◆ What the task asks
Write every entry out again with no changes, and leave the images behind.

[Stored dataset items]
• • • •

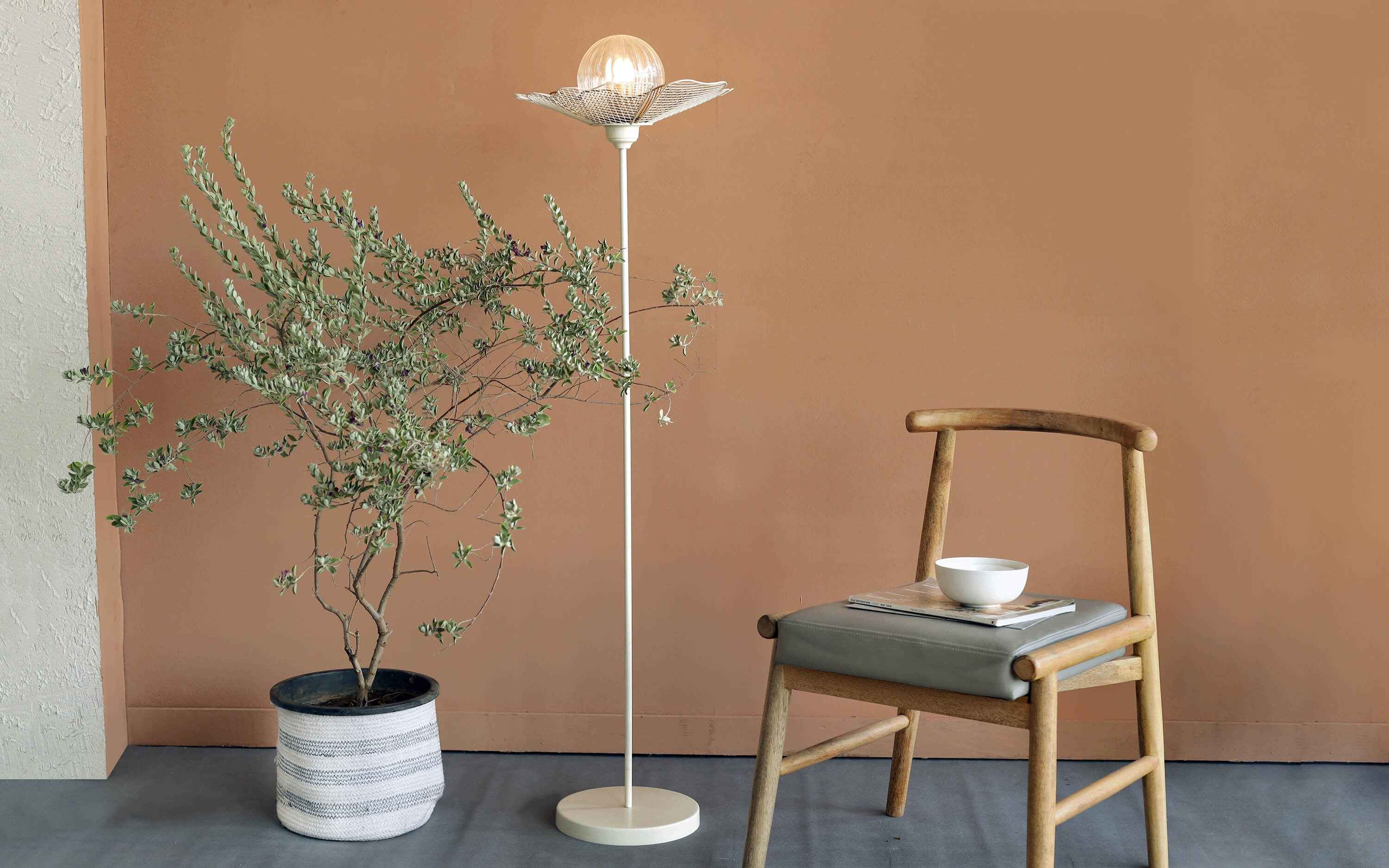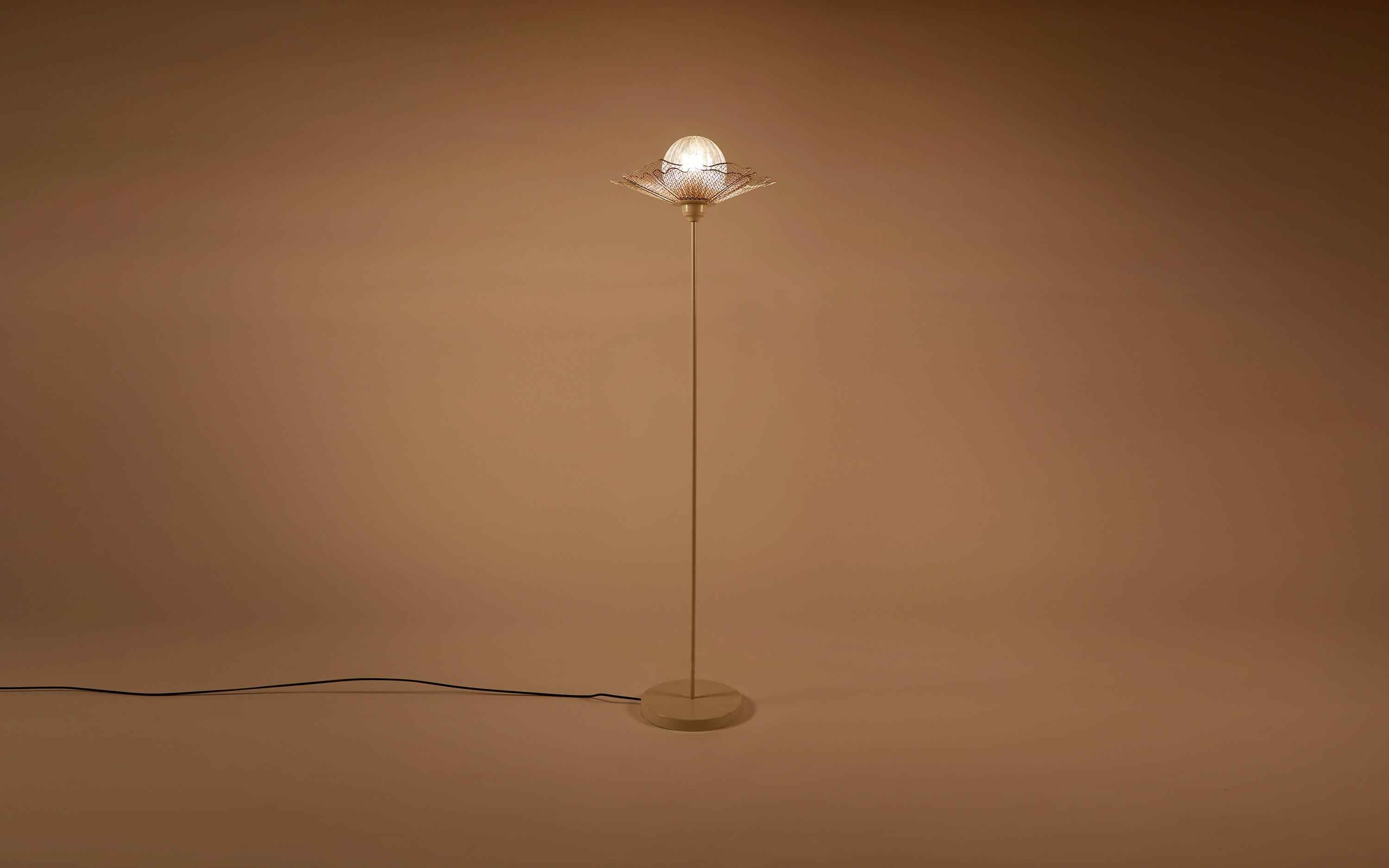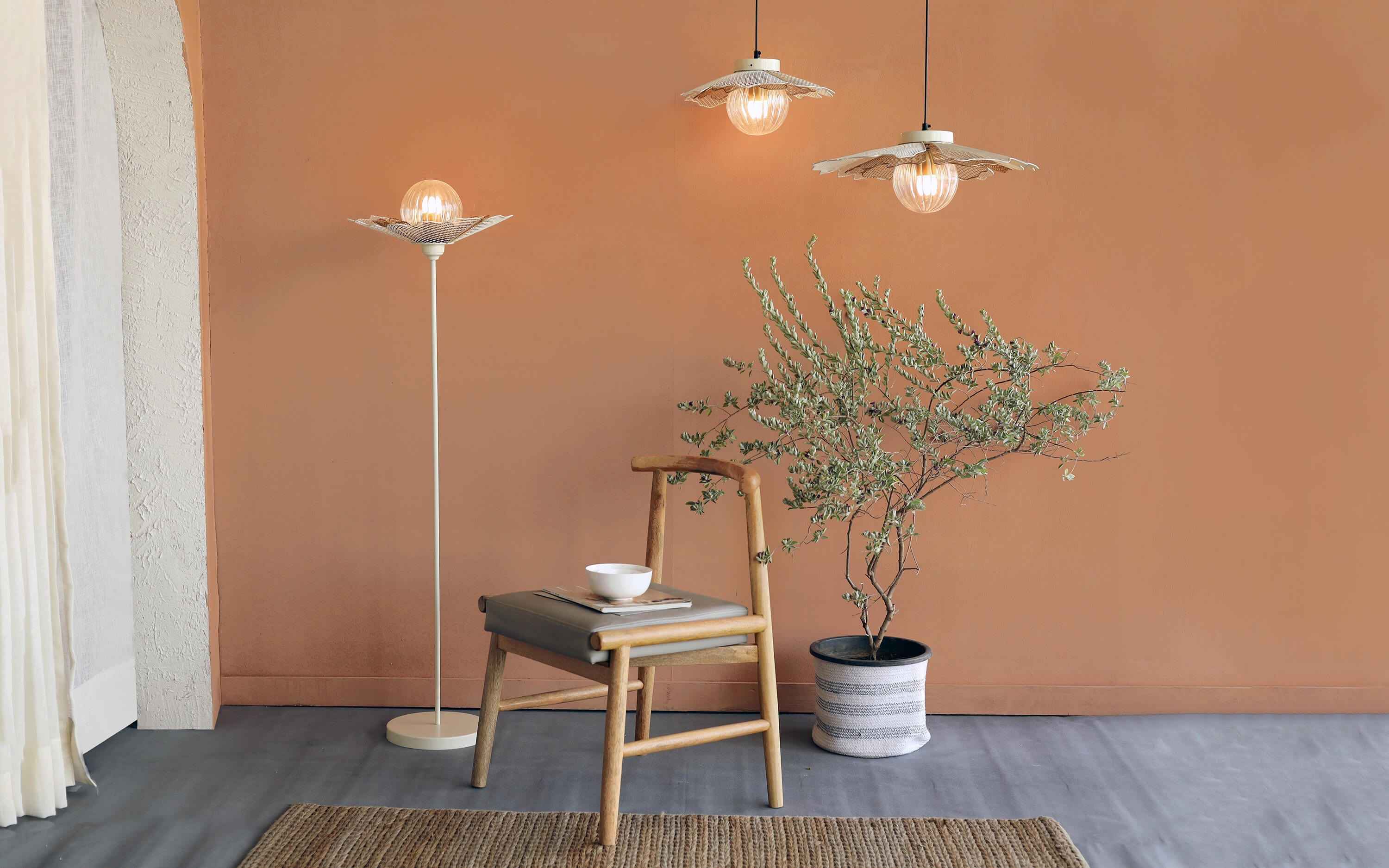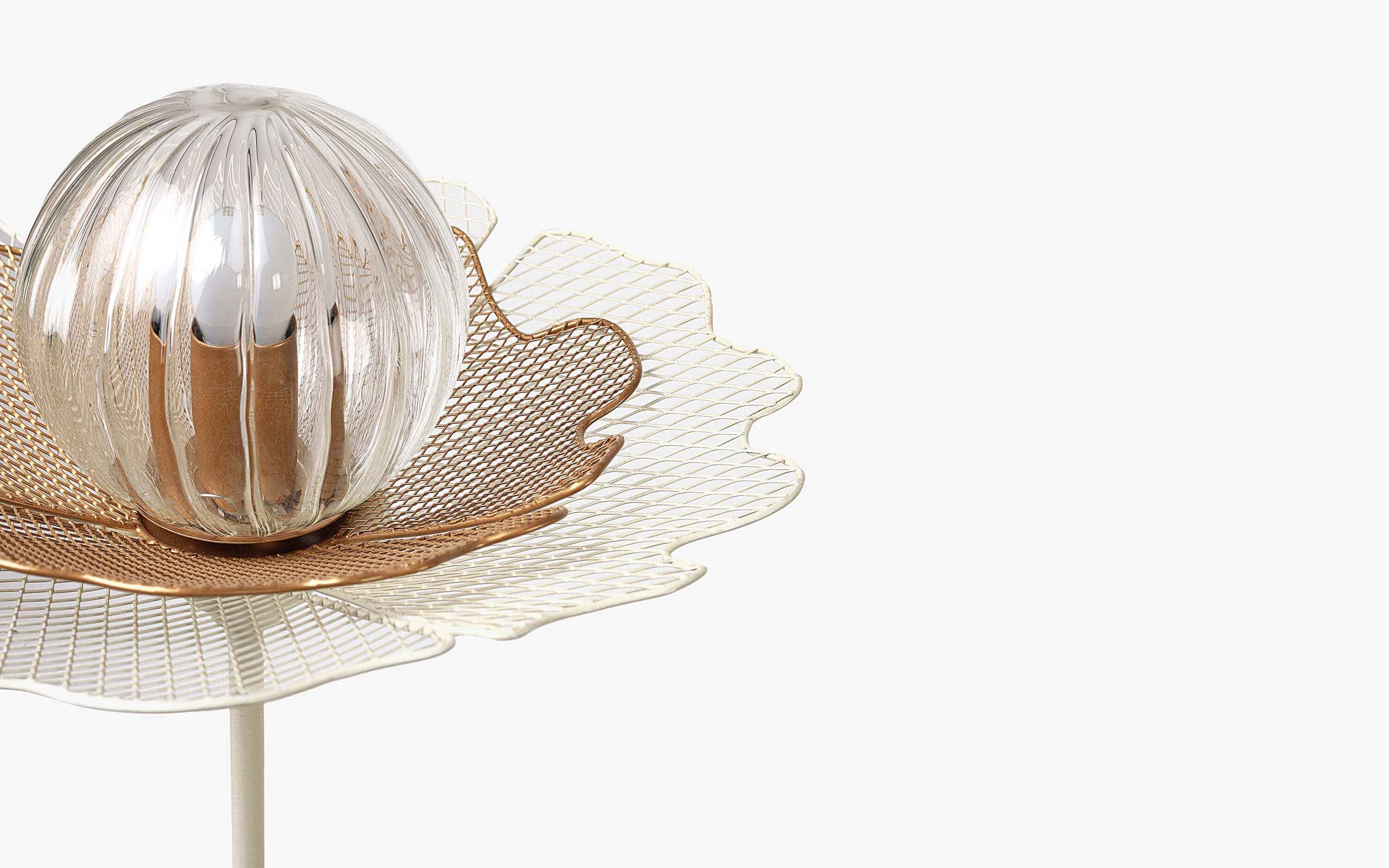 Keshi collection represents a poppy flower In Japan- Poppy is symbolic of deep emotion, and serves as a reminder to have and remember good times. Iron mesh frames the petals in natural style which surrounds the bud represented by the embossed glass ball to light up the room with its sculptural, contemporary look. "Depending on your screen settings and resolution on your device there may be a slight variance in fabric color and wood polish of the image and actual product. Wood grains will vary from product to product in case of solid wood furniture."
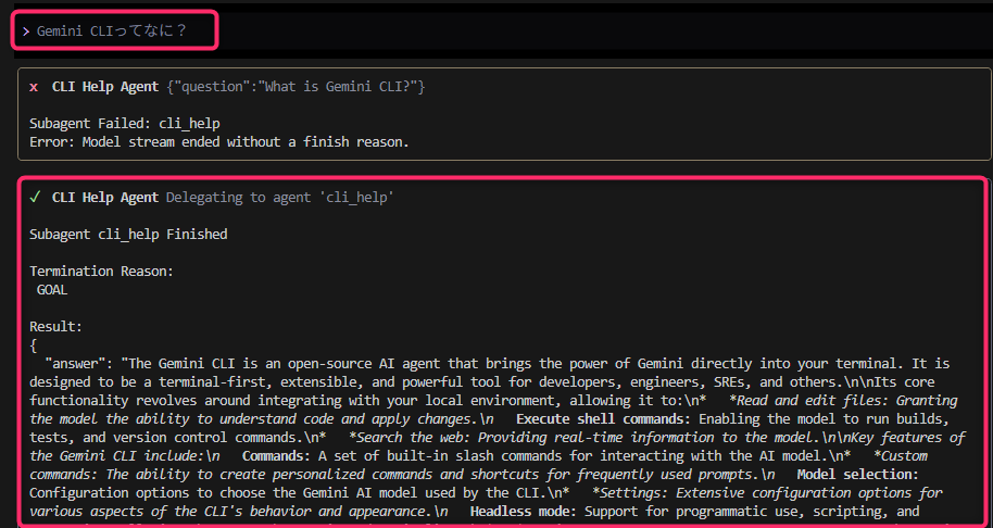 無事に成功しました!このメッセージが出れば連携完了です。 試しに日本語で「Gemini CLIってなに?」と聞いてみると…
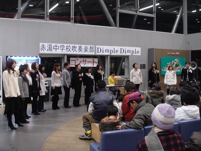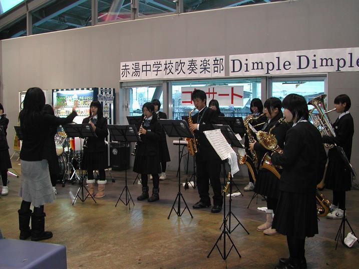 待合室では赤湯中学校吹奏楽部の演奏が行われ、生徒の腕に皆さん感心されていました。
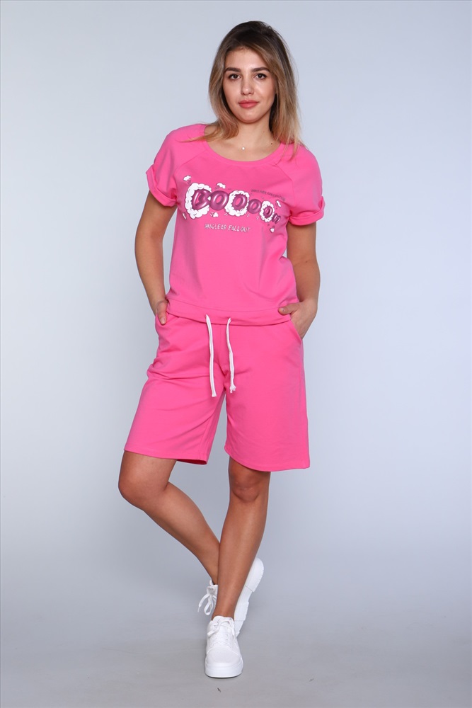 Застежка: без застежки Комплект двойка. Футболка свободного кроя с нанесением принта методом шелкография, шорты свободного покроя с боковыми карманами.
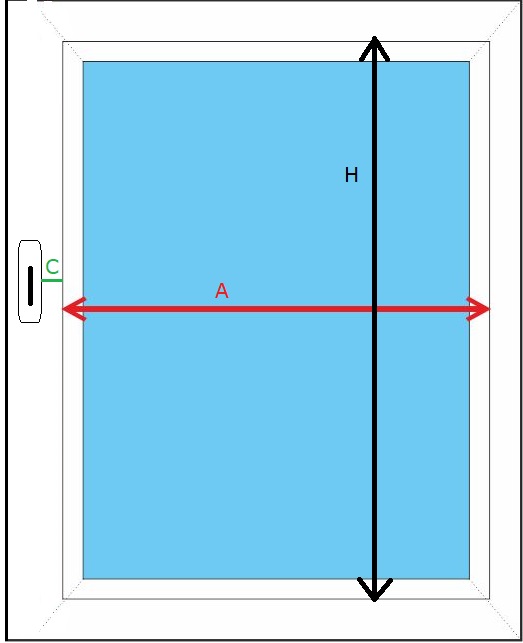 - Ширину измеряем от основания оконной ручки «С» до штапика – этот размер позволит нам сделать направляющие соответствующим образом.

• • • •

◆ Expected output
 Keshi collection represents a poppy flower In Japan- Poppy is symbolic of deep emotion, and serves as a reminder to have and remember good times. Iron mesh frames the petals in natural style which surrounds the bud represented by the embossed glass ball to light up the room with its sculptural, contemporary look. "Depending on your screen settings and resolution on your device there may be a slight variance in fabric color and wood polish of the image and actual product. Wood grains will vary from product to product in case of solid wood furniture."
 無事に成功しました!このメッセージが出れば連携完了です。 試しに日本語で「Gemini CLIってなに?」と聞いてみると…
 待合室では赤湯中学校吹奏楽部の演奏が行われ、生徒の腕に皆さん感心されていました。
 Застежка: без застежки Комплект двойка. Футболка свободного кроя с нанесением принта методом шелкография, шорты свободного покроя с боковыми карманами.
 - Ширину измеряем от основания оконной ручки «С» до штапика – этот размер позволит нам сделать направляющие соответствующим образом.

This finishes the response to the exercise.